Sweet then takes this idea of fire, and blends it with scientific
notions of energy in the body (not New Age, but scientific): "Our
bodies are nothing more than the human organization of energy-fire."
After a lengthy (and highly complex) dissertation on energy and its
properties, he finally comes to the point (which for many people is
likely lost on them by that point): i.e., "New Lights connect people to
the many positive sources of energy—from the sun to the soul--but
especially to the most powerful energy source in the universe: Jesus
Christ" (QS, p. 84).
Finally, we come to the LTRP quote. It appears under text sub-heading
"God is the I of the Universe" (QS, p. 93). What is so tragic about how
the Dombrowskis of LTRP have interpreted this statement is the way that
they have utterly missed the fact that Sweet is actually condemning such
New Age/modernist teachings as: unbiblical notions love of self,
self-awareness, and self-actualization. He also slams the New Age
notion that we will be like God, describing that false teaching as the very lie that
came from "the serpent in the Garden of Eden (Gen. 3:5)." Sweet adds,
"Few evils are more insidious than self-creation and self-sufficiency,
producing what used to be called "the energy of the flesh"
(QS, p. 94).
In other words, Sweet's painfully complex discourse actually amounts to
little more than him saying his ineffably complicated way that: a) we
need to experience God in a very Damascus Road type way; b) we need to
be "on fire" for God (to borrow a similar term from many Christian
churches I have attended); and c) the ultimate source of energy is God,
and to be plugged into God is true spiritual energy, whereas it is "the
energy of the flesh" to live any other way—especially when it
involves just living Christianity like it is a religion, rather than a
dynamic, powerful, energized, relationship to God himself.
CONCLUSION
Leonard Sweet is not a New Ager. Indeed, as the above statements show,
he is quite critical of the New Age movement. The worst that can be
said about Sweet is that he often uses complex and/or confusing
language that sends up red flags in the minds of Christians who have a
superficial understanding of the New Age (usually so-called discernment
ministries dedicated to rooting out New Age influences on the church).

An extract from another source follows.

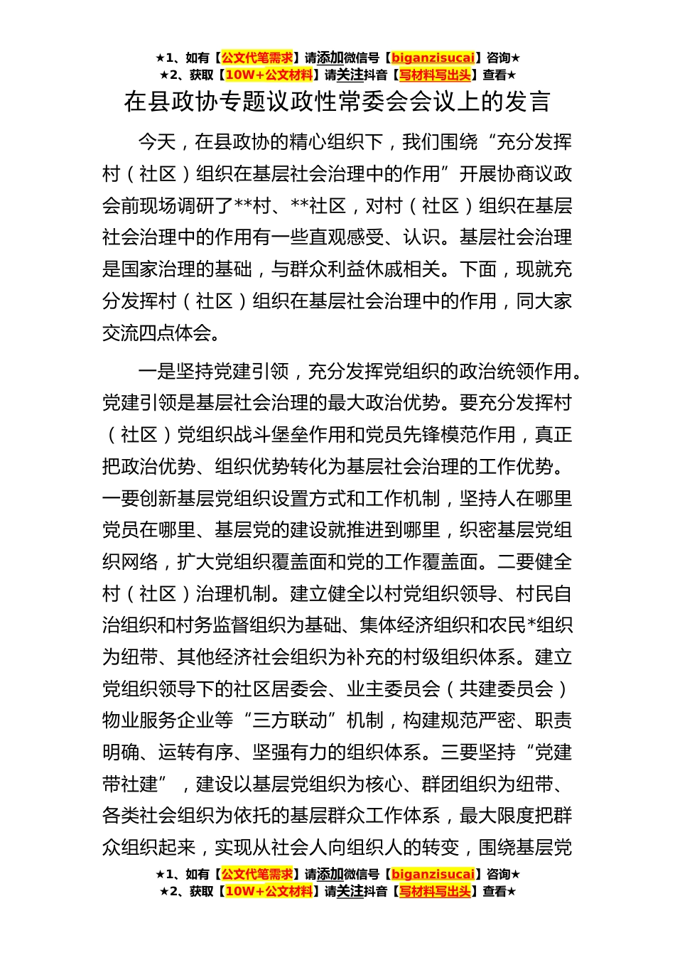 ★1、如有【公文代笔需求】请添加微信号【biganzisucai】咨询★★2、获取【10W+公文材料】请关注抖音【写材料写出头】查看★★1、如有【公文代笔需求】请添加微信号【biganzisucai】咨询★★2、获取【10W+公文材料】请关注抖音【写材料写出头】查看★★1、如有【公文代笔需求】请添加微信号【biganzisucai】咨询★★2、获取【10W+公文材料】请关注抖音【写材料写出头】查看★在县政协专题议政性常委会会议上的发言今天,在县政协的精心组织下,我们围绕“充分发挥村(社区)组织在基层社会治理中的作用”开展协商议政会前现场调研了**村、**社区,对村(社区)组织在基层社会治理中的作用有一些直观感受、认识。基层社会治理是国家治理的基础,与群众利益休戚相关。下面,现就充分发挥村(社区)组织在基层社会治...

This is where Sweet, in my opinion, must be more careful. (But then
again, I am often left wondering if it would even make a difference to some
people if he were more careful.) The bottom line, in my opinion, is
that Leonard Sweet may just be too intelligent for his own good when it
comes to certain situations/issues. And he, unfortunately, assumes that most
people will be able to keep up with what he is saying and understand his
rather heady musings. That is his primary error, as I see it And as a result, many
Christians (and so-called "discernment" groups) have labeled him
a New Ager, contrary to the evidence that exists.